It is intriguing that certain toxicities such as hypertension may serve as surrogate biomarkers of response to TKIs. In a retrospective analysis of >500 patients treated with sunitinib, hypertension (HTN) (defined as systolic blood pressure (SBP) >140 mmHg or diastolic BP (DBP) of >90 mmHg was significantly associated with response rate and survival. Amongst patients with HTN defined by SBP, objective response rate and OS were 54.8% and 30.9 months respectively vs. 8.7% and 7.2 months in patients without HTN (P < 0.001).47 Prospective studies are now planned that will titrate dose of TKI until development of hypertension, to determine whether this improves outcome.48 Hypothyroidism and hand-foot syndrome (certainly the latter of which would be considered an ‘off-target’ effect) have also been correlated with outcome in sunitinib treated patients.36,49 Their low incidence is unlikely to render them useful in pazopanib treated patients however.

Accurately determining whether patients are deriving benefit from potentially toxic therapy in a timely manner is important for patients and future study design. RECIST has been the standard method of treatment evaluation for solid tumors since their introduction in 2000. Whilst validated in the setting of conventional chemotherapeutic agents, their applicability to assessing and monitoring response in the targeted era has been questioned. Marked improvements in survival associated with the TKIs have not been mirrored by high response rates as per RECIST criteria (sunitinib 31%8; pazopanib 30%27). It may be more relevant to examine other parameters such as arterial phase density, morphology and size in combination in this setting.5052 Studies to date have been small and retrospective and evaluation of these criteria in larger numbers in a prospective manner is required.

Place in Therapy

Treatment options for patients with mRCC have burgeoned in recent years. Three TKIs are currently approved. Application for a fourth, axitinib, has been submitted by Pfizer to both the FDA and European Medicines Agency (EMA) for use in second-line therapy. A fifth, tivozanib, is in phase III testing. A sixth, cediranib, is in phase II second-line studies. Bevacizumab plus interferon is another approved option in first-line therapy, as well as the mTOR inhibitor temsirolimus in patients with poor risk disease. In the second line setting, after anti-VEGF therapy failure, everolimus (another mTOR inhibitor) is the only agent currently approved.

Amongst these agents, sunitinib has emerged as the standard of care and by far the most widely used agent in the first-line setting.53 This is based on the fact that sunitinib demonstrated superiority over interferon-α, the previous standard of care, in a phase III randomised trial.8 Such a principle guides modern oncological practice. A head to head randomized phase III trial of sunitinib versus pazopanib (COMPARZ) has recently completed recruitment and the results are eagerly awaited. In the meantime, based on currently available data, should pazopanib be considered as an alternative or indeed preferential first-line option?
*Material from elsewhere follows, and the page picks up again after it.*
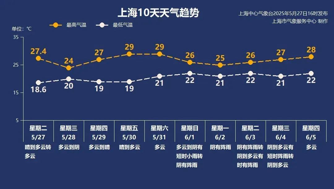 5月底前,上海以多云天气为主,气温波动不大,最低19~21℃,最高27~29℃,早晚舒适,白天微热。受气流东移影响,6月1日至3日,申城将出现明显的降水过程,同时风速增加。端午节假期期间,大家要注意最新的预报信息,做好出行和生活安排。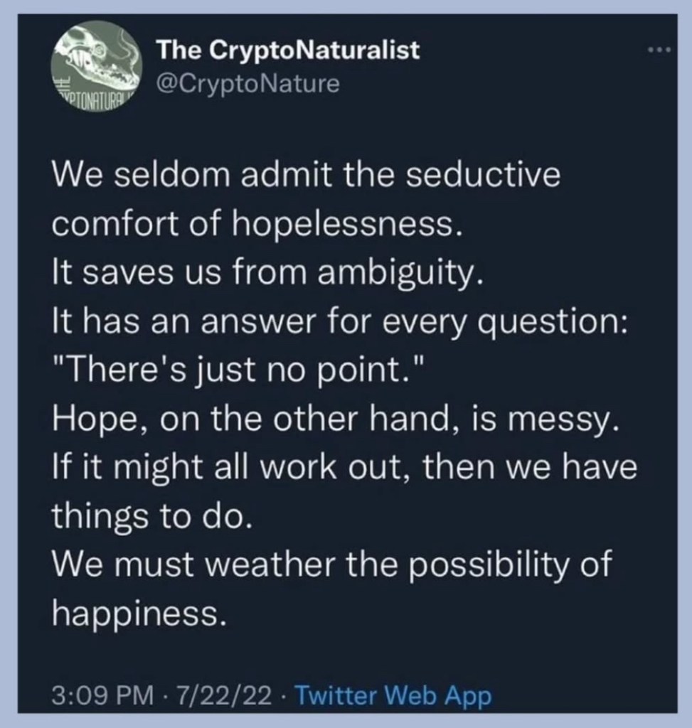 I get the Pandora’s Box myth, now. Why hope was in the box with the terrible things. It is the worst.

Comparisons of PFS (Table 1) suggest both sunitinib and pazopanib to be equally efficacious. If true, then toxicity becomes paramount in determining choice of drug. With seemingly lower rates of hand-foot syndrome, stomatitis, hypothyroidism and fatigue associated with pazopanib, there is certainly a case to be made for its first-line use. Indeed both the National Comprehensive Cancer Network (NCCN) and the European Association of Urology (EAU) guidelines recommend pazopanib as a first-line option alongside sunitinib.54 But extrapolating data in this manner is not always reliable. Are the two drugs really equally efficacious? And is the toxicity profile of pazopanib favorable? Or just different? There are those that argue that in the absence of phase III data demonstrating superiority of pazopanib over sunitinib, there is no justification for its use at present.55 Our current approach is to use sunitinib as first-line therapy, reserving pazopanib for those patients intolerant of the former for whatever reason.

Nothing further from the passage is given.